VISTO en grado de apelación ante esta Sección 25ªde la Audiencia Provincial de MADRID, los Autos de PROCEDIMIENTO ORDINARIO 1258/2007, procedentes del JUZGADO DE PRIMERA INSTANCIA N. 53 de MADRID, a los que ha correspondido el Rollo 543/2008, en los que aparece como parte apelante: D. Cayetano , representado por el Procurador D. EDUARDO CARLOS MUÑOZ BARONA, y como apelada: Dª. Aurelia , representada por la Procuradora Dª. MARÍA JOSÉ CORRAL LOSADA, y siendo Magistrado Ponente el Ilmo. Sr. D. FERNANDO DELGADO RODRIGUEZ.
Antecedentes
PRIMERO.- Que los autos originales núm. 1258/2007, procedentes del Juzgado de Primera Instancia Núm. 53 de los de Madrid, fueron remitidos a esta Sección Vigesimoquinta de la Audiencia Provincial de Madrid, de conformidad con lo dispuesto en las Normas de Reparto aprobadas por la Sala de Gobierno del Excmo. Tribunal Superior de Justicia de Madrid.
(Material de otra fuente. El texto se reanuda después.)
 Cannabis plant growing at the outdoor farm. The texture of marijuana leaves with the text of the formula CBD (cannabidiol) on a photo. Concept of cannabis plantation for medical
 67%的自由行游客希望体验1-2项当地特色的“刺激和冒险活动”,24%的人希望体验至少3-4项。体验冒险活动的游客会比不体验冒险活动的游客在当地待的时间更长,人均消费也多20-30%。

SEGUNDO.- Que por la Ilma. Sra. Dª. Mª. Isabel Ochoa Vidaur, Magistrada-Juez del Juzgado de Primera Instancia núm. 53 de Madrid, se dictó sentencia con fecha 13 de marzo de 2008 , cuya PARTE DISPOSITIVA dice así: FALLO.- "Que estimando la demanda promovida por el Procurador Dª. Mª. José Corral en nombre y representación de Dª. Aurelia contra D. Cayetano representado por el Procurador D. Eduardo Muñoz Barona debo condenar y condeno al demandado a satisfacer a la parte actora la cantidad de:
-12.232,20 ? en concepto de pensión por alimentos para su hijo Álvaro hasta el mes de Julio de 2007
- 30.113,40 ? en concepto de compensación a la actora impagada hasta Julio de 2007
- 7.813,16 ? en concepto de compensación por exceso de adjudicación de la liquidación de gananciales, cantidad a la que el demandado se ha allanado.
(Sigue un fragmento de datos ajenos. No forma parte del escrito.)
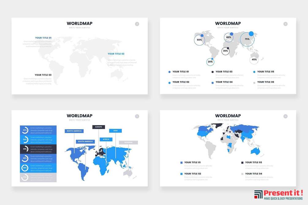 Are you looking for visual templates that can help elevate your presentations and grab the attention of your audience? Look no further than Present it!’s World Map Infographic Templates!
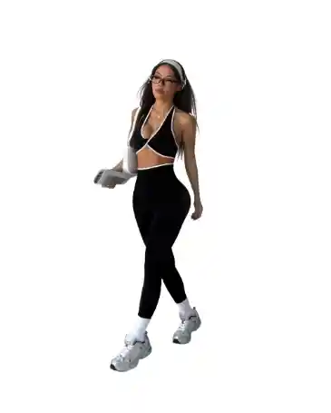 Set deportivo negro con detalles en blanco – Comodidad y estilo activo Perfecto para entrenar, caminar o simplemente lucir un look sporty chic con actitud. Top deportivo negro con ribete blanco, corte cómodo y soporte ligero Leggings de tiro alto, ajustados y flexibles para libertad de movimiento Ideal para rutinas fitness, salidas casuales o sesiones de fotos con estética atlética Un conjunto que combina funcionalidad y moda. ¡Muévete con estilo!
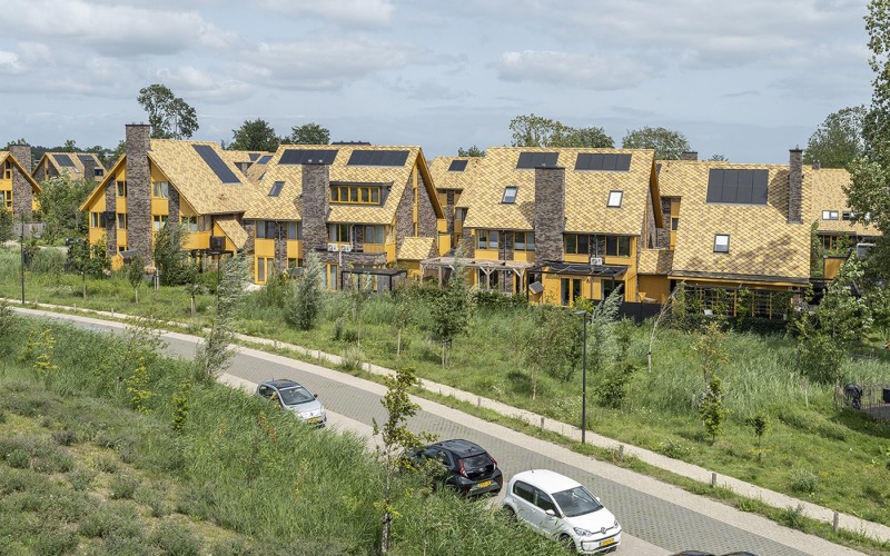 FLOW werd al in een vroeg stadium door ontwikkelaar Reinbouw betrokken om mee te denken over de uitvoering van de Accoya-gevelbekleding. Samen keken we naar optimale verwerking, maatvoering en materiaalgebruik, met als doel verspilling te voorkomen volgens het Lean-principe. Zo konden we de hoge esthetische eisen combineren met een efficiënte, duurzame uitvoering. Het resultaat is een wijk waarin natuur, ontwerp en techniek in balans zijn – en waarin FLOW letterlijk en figuurlijk zijn handtekening heeft achtergelaten.
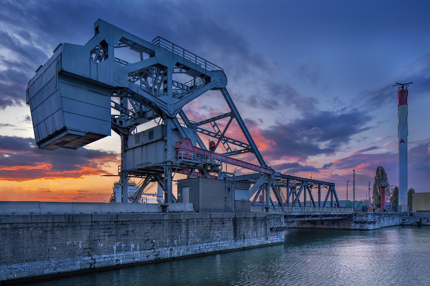 Niet zo ver in het uitgestrekte havengebied (Port of Antwerp-Bruges) vind je bij het Leopolddok de Wilmarsdonkbrug, een monumentale geklonken basculebrug. Hier is beslist geen architect aan te pas gekomen, want het oogt vooral ‘form follows function’ wat het juist zo aantrekkelijk maakt, althans in mijn optiek. Het is een van de fotolocaties van mijn Port of Antwerp Photo Tour, omdat je er vanuit verschillende invalshoeken ongekende foto’s schiet. Een absolute beauty!

Dichas cantidades, por imperativo legal, devengarán el interés legal incrementado en dos puntos a contras desde la presente resolución y hasta su pago. Las costas procesales causadas se imponen a la parte demandada."
TERCERO.- Que contra dicha Sentencia se preparó e interpuso en tiempo y forma recurso de apelación por la representación de la parte demandada, el Procurador Sr. D. Eduardo Muñoz Barona, dándole traslado del mismo a la parte demandante, quien presentó en tiempo y forma escrito de oposición al recurso entablado; remitiéndose los autos a esta Sección Vigesimoquinta, se señaló para deliberación, votación y fallo del presente recurso el día 17 de Junio del año en curso.
CUARTO.- Que en la tramitación del presente recurso se han observado las prescripciones legales.
Fundamentos
Se aceptan los fundamentos jurídicos de la sentencia recurrida.
PRIMERO.- La escritura pública de 17 de febrero de 2000 sobre capitulaciones matrimoniales y convenio regulador, es la base jurídica de la obligación al pago de alimentos a favor del hijo de los litigantes: Álvaro, por importe de 12.232,20 ?, y de la pensión compensatoria a Dª Aurelia : 30.113,40 ?, ambas prestaciones hasta el mes de julio de 2007, y de la compensación por exceso de adjudicación al demandado D. Cayetano , en concepto de liquidación de gananciales: 7.813,16 ?, aspecto a que éste se allanó.
SEGUNDO.- Manteniéndose el debate conforme al único motivo del recurso de apelación, en relación al tema de que no se había aprobado judicialmente el convenio regulador, ni ratificado por las partes contratantes. Y, que el hijo mayor de edad debía haber solicitado el pago de los alimentos que le correspondieran. La parte contraria se opuso a dicho motivo de apelación defendiendo la conformidad a Derecho de la sentencia recurrida.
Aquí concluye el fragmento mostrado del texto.